Wat maakte het ook uit, die paar minuten.
Voorbij Jaspers huis was er heel veel tegenwind. Ik zette de fiets in zijn één – wat een rotfiets had Hadassa eigenlijk – maar kwam nog amper vooruit. Voorovergebogen over mijn stuur probeerde ik de rest bij te houden. Dat was nog niet makkelijk. Ik was blij toen we eindelijk in de bebouwde kom kwamen en er bomen stond. Nu had de wind in ieder geval geen vrij spel meer.
Nu waren we gauw bij Hadassa. Ik aarzelde, maar zette toen haar fiets maar in de schuur.
Ik wist niet hoe haar koplamp uitmoest, dus liet ik die maar aan. Trouwens, die zou toch uitgaan als je niet aan het fietsen was. Haar achterlamp liet ik ook branden. Er zat nergens een aan en uitknopje. Tja. Dan maar zo.
Ik plofte in de warme auto.
‘Had je veel tegenwind?’ informeerde Kims zus.

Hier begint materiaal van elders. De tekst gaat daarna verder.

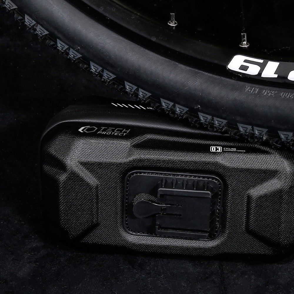 XT3, eine praktische Fahrradtasche der Marke Tech-Protect, montiert am Fahrradvorbau. Die Tasche eignet sich perfekt als Aufbewahrungsort für kleine Gegenstände wie Powerbank, Geldbörse oder Schlüssel. Die Tasche besteht aus staub- und wasserdichtem, schlagfestem PC-Material, mit einem taktilen, transparenten Fenster auf der Vorderseite (17,5 x 8,5 cm). Mit dieser Lösung können Sie das Telefon während der Fahrt verwenden, ohne das Gerät von der Abdeckung zu entfernen.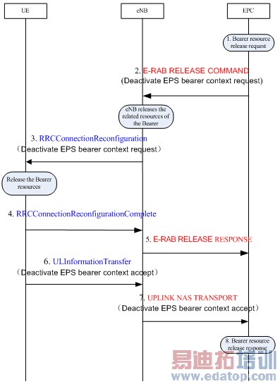 4、N0040 UE收到重配消息RRCConnectionReconfiguration中的NAS消息(Deactivate EPS Bearer Context Request)后释放相关承载资源。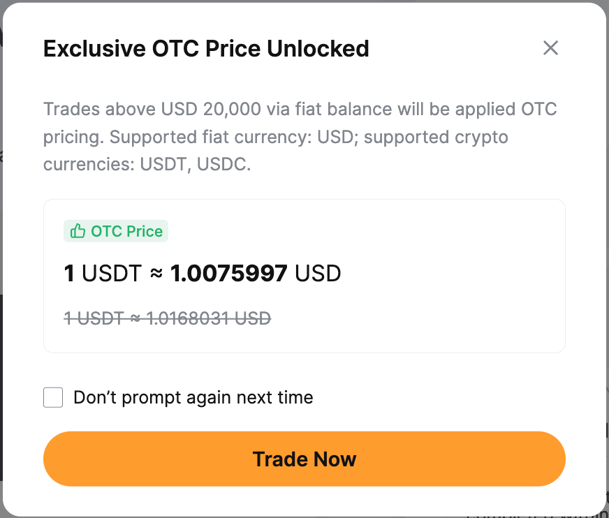 — OTC価格は、USDT、USDC、ETH、BTC、MNT間の暗号資産の両替にのみ適用されますのでご注意ください。OTC取引の詳細については、よくある質問 — OTC取引をご参照ください。

‘Ja, vreselijk. Je kwam er amper doorheen. Op het laatst ging ik maar recht achter Jasper en de rest fietsen, zodat zij de wind tegenhielden.’
‘Aha. Ik merk het ook aan mijn stuur. De banden trekken een beetje weg.’
‘Komt dat door de wind?’ vroeg Kim verbaasd.
‘Kennelijk.’
Het duurde niet meer dan drie minuten om bij ons huis te komen. Als ik gelopen had, had ik er een half uur over gedaan.
We reden door het donkere bos. ‘Eng,’ griezelde Kim.
Ik haalde mijn schouders op. ‘Ik ben het gewend. Ik rijd zo vaak hier ’s avonds… en zonder licht.’
‘Mag dat van je ouders?’ vroeg Kims zus.
‘Nee, maar ik heb geen zin om ze te vragen om me op te halen. Dat duurt in hun geval weer een half uur.’
‘Oh.’
Kims zus stopte voor de oprijlaan. ‘Verder kun je het wel alleen, hè?’
‘Ja, natuurlijk!’ ik gooide de deur dicht en zwaaide even. Toen liep ik door de donkere nacht naar huis.
Ik keek naar boven. Het was heel helder. Aan de lucht flonkerden sterren.
Het was volle maan. Wauw.
Ik vergat alle kou en stelde me voor dat Dominic bij me zou zijn.
Wat zou dat fantastisch zijn.
Lekker romantisch, naar de sterretjes kijken, dacht ik grinnikend. Dat was zo standaard.
Maar het bleef leuk. Gezellig met z’n tweetjes in het donker.
De buitenlamp floepte aan en direct waren al mijn romantische gedachten verdwenen. Gauw naar bed.